Repeat the lines below exactly as written, please, from the line with "Đối với môn" to the line with "银戒指女士女999纯银2克拉莫桑石钻石莫桑钻钻戒轻奢小众情侣对戒", both lines included, and no others.

▶

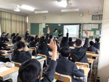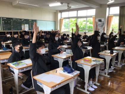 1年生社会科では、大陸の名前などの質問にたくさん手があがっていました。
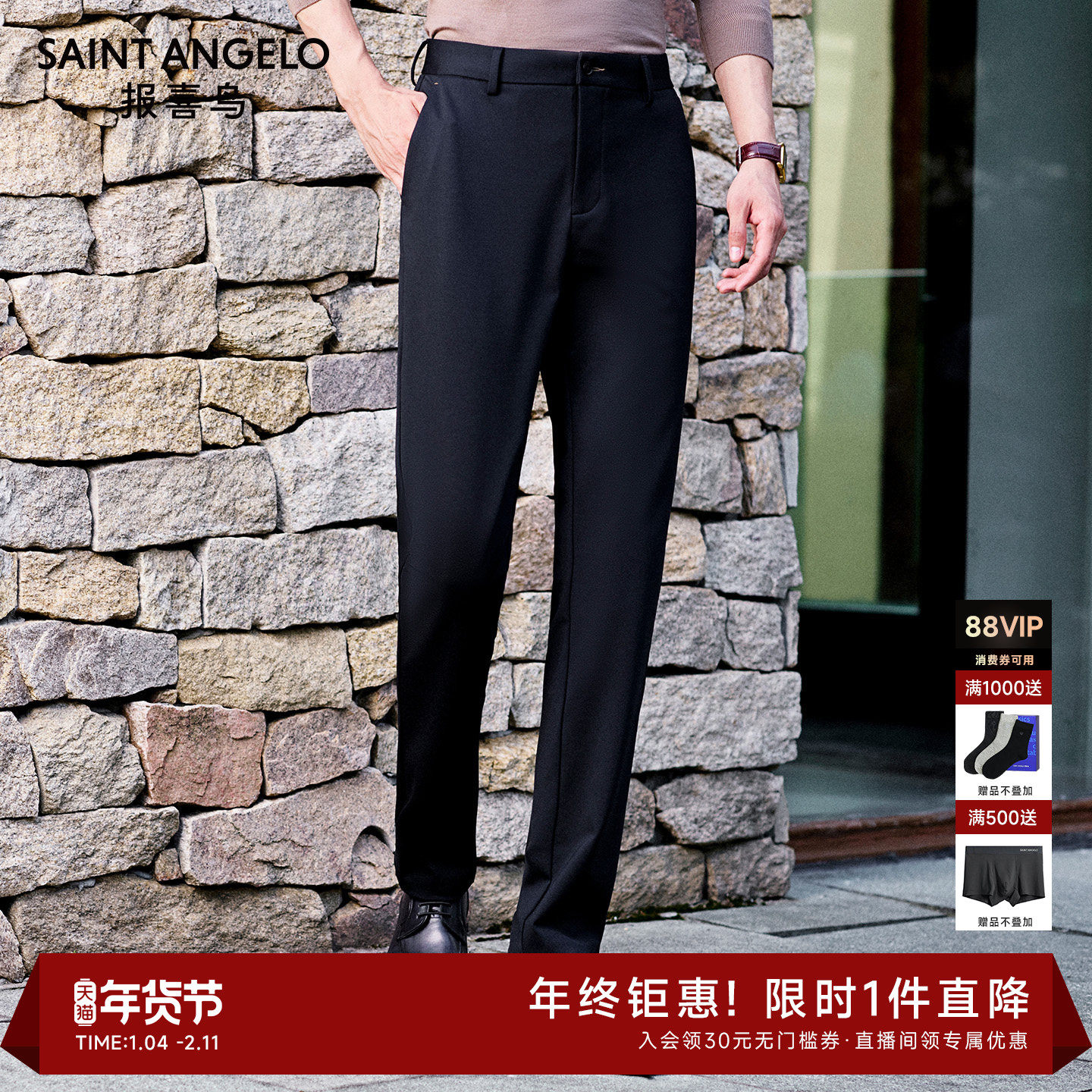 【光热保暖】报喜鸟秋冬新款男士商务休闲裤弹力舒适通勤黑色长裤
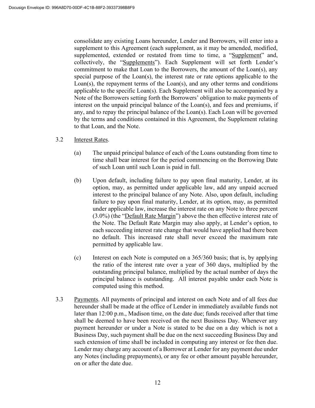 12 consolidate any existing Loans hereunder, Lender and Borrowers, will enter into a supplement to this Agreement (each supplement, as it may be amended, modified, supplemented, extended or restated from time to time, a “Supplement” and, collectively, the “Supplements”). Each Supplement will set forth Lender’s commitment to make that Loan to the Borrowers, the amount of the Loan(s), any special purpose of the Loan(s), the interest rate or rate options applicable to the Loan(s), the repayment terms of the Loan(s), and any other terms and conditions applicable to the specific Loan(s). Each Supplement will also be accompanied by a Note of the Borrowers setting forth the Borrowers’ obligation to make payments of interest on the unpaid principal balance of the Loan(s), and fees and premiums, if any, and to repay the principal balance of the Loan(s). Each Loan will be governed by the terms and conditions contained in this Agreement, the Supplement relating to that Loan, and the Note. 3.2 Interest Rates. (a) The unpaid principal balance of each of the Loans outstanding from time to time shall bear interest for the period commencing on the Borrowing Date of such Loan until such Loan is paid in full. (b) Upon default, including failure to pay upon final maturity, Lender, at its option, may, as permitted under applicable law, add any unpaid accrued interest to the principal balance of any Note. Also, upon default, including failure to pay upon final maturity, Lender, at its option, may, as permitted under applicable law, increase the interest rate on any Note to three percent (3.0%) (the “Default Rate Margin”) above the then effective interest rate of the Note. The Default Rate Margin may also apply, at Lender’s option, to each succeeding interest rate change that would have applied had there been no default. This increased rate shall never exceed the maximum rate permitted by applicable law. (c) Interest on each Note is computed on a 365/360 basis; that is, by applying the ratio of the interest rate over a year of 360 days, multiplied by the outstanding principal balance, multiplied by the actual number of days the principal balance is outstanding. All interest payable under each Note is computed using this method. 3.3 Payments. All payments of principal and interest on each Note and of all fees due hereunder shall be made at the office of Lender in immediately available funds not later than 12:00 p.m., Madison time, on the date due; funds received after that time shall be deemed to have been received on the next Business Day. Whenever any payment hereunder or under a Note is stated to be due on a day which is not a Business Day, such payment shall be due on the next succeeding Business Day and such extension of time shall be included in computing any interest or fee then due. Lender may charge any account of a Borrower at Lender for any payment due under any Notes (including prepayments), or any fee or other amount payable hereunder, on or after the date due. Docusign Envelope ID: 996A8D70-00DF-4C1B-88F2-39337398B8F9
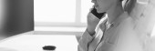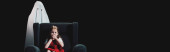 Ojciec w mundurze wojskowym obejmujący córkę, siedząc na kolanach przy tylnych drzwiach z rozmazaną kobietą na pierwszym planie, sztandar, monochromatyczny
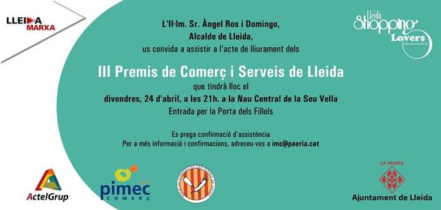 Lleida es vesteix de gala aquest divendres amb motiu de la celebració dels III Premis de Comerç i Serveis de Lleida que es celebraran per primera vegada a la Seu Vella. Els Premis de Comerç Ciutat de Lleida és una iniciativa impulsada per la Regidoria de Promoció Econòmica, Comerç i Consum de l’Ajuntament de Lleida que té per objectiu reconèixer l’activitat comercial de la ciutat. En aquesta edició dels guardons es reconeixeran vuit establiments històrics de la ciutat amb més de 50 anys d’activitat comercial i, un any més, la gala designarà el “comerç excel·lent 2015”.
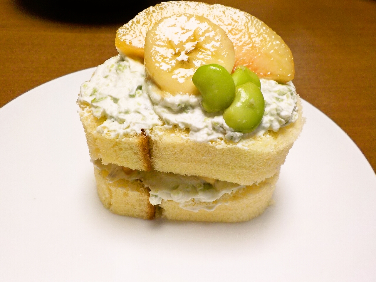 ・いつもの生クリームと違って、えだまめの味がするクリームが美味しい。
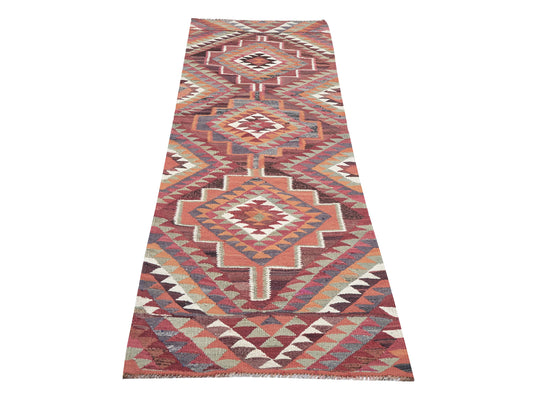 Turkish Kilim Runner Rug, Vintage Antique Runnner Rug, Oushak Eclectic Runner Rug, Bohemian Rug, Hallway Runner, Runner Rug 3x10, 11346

◀
▶

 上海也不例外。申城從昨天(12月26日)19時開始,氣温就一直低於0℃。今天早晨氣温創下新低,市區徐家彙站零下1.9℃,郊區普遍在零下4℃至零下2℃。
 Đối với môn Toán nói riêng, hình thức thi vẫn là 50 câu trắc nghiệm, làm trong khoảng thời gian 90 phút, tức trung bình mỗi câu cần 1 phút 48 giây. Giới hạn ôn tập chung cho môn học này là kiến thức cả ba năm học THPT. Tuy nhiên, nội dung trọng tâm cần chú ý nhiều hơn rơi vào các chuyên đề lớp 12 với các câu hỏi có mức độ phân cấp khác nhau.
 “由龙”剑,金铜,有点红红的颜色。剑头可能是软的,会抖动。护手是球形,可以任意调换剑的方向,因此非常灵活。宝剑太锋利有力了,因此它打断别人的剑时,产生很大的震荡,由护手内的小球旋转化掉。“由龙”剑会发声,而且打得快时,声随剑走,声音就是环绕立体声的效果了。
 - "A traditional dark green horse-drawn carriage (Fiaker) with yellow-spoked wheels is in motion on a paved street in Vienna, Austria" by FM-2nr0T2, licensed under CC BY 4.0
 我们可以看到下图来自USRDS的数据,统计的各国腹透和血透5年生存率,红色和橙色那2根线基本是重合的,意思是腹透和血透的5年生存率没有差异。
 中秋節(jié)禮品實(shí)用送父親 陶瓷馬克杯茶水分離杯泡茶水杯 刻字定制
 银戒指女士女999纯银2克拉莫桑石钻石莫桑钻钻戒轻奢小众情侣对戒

◀

▶ _Response below_
 Đối với môn Toán nói riêng, hình thức thi vẫn là 50 câu trắc nghiệm, làm trong khoảng thời gian 90 phút, tức trung bình mỗi câu cần 1 phút 48 giây. Giới hạn ôn tập chung cho môn học này là kiến thức cả ba năm học THPT. Tuy nhiên, nội dung trọng tâm cần chú ý nhiều hơn rơi vào các chuyên đề lớp 12 với các câu hỏi có mức độ phân cấp khác nhau.
 “由龙”剑,金铜,有点红红的颜色。剑头可能是软的,会抖动。护手是球形,可以任意调换剑的方向,因此非常灵活。宝剑太锋利有力了,因此它打断别人的剑时,产生很大的震荡,由护手内的小球旋转化掉。“由龙”剑会发声,而且打得快时,声随剑走,声音就是环绕立体声的效果了。
 - "A traditional dark green horse-drawn carriage (Fiaker) with yellow-spoked wheels is in motion on a paved street in Vienna, Austria" by FM-2nr0T2, licensed under CC BY 4.0
 我们可以看到下图来自USRDS的数据,统计的各国腹透和血透5年生存率,红色和橙色那2根线基本是重合的,意思是腹透和血透的5年生存率没有差异。
 中秋節(jié)禮品實(shí)用送父親 陶瓷馬克杯茶水分離杯泡茶水杯 刻字定制
 银戒指女士女999纯银2克拉莫桑石钻石莫桑钻钻戒轻奢小众情侣对戒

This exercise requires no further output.